Email Spam Detection Using LSTM with Attention Mechanism
Allam Bala Praneeth reddy1, Karrepu Hema Charan Reddy2, Marujolla Nihar Reddy3
12310030431@klh.edu.in, 22310030419@klh.edu.in, 32310030441@klh.edu.in
1Department of Computer Science and Engineering, Koneru Lakshmaiah Education Foundation, Hyderabad-500075, Telangana, India.
2Department of Computer Science and Engineering, Koneru Lakshmaiah Education Foundation, Hyderabad-500075, Telangana, India.
3Department of Computer Science and Engineering, Koneru Lakshmaiah Education Foundation, Hyderabad-500075, Telangana, India.
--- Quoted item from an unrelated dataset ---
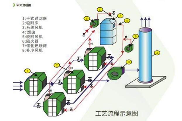 VOCs废气通入活性炭吸附塔内部,与活性炭表面接触,废气污染分子被活性炭表面吸附净化,活性炭再被脱附后转换成小风量、高浓度的有机废气被送往催化燃烧设备进行氧化,在200度左右的高温下,有机物被氧化分解成二氧化碳、水等无害气体。燃烧后的热废气通过热交换器加热冷空气,热交换后降温的气体部分排放,部分用于活性炭的脱附再生,达到废热利用和节能的目的。

Abstract: Spam email detection is an important domain of cybersecurity because spam emails usually contain phishing URLs, malicious attachments, or fraudulent advertising content. These emails not only interfere with communication but also lead to major threats like data robbery, money loss, and system compromise. The conventional rule-based spam filters have been ineffective in dealing with these issues as they lack high adaptability in handling changing spam tactics. In this research, we propose a deep learning-based solution for spam filtering with an LSTM network with an attention mechanism. The model is formulated to efficiently capture sequential and contextual information from email content through highlighting key words—like "urgent," "free," or "win"—that frequently occur in spam mail. A conventional dataset of pre-labelled spam and non-spam (ham) emails was utilized for training and testing. To preprocess the data, preliminary steps like tokenization, padding, and vectorization were involved. The architecture of the model involves an embedding layer, a temporal dependency-learning LSTM layer, and a dedicated attention layer for identifying contextually important words. The ultimate classification output is obtained via a fully connected layer with a sigmoid activation function. Experimental outcomes show that the attention mechanism LSTM greatly surpasses standard Algorithms utilizing machine learning on accuracy, precision, recall, and F1-score. The model also enables real-time classification, enabling users to provide emails and receive instant predictions. This paper establishes the merits of using LSTM in conjunction with attention mechanisms for resilient and adaptive detection of spam email, and paves the way for future improvement with transformer models or multilingual data.
Keywords
Spam detection, Email Spam Filtering, LSTM with Attention, Machine Learning, Email Classification, Cybersecurity.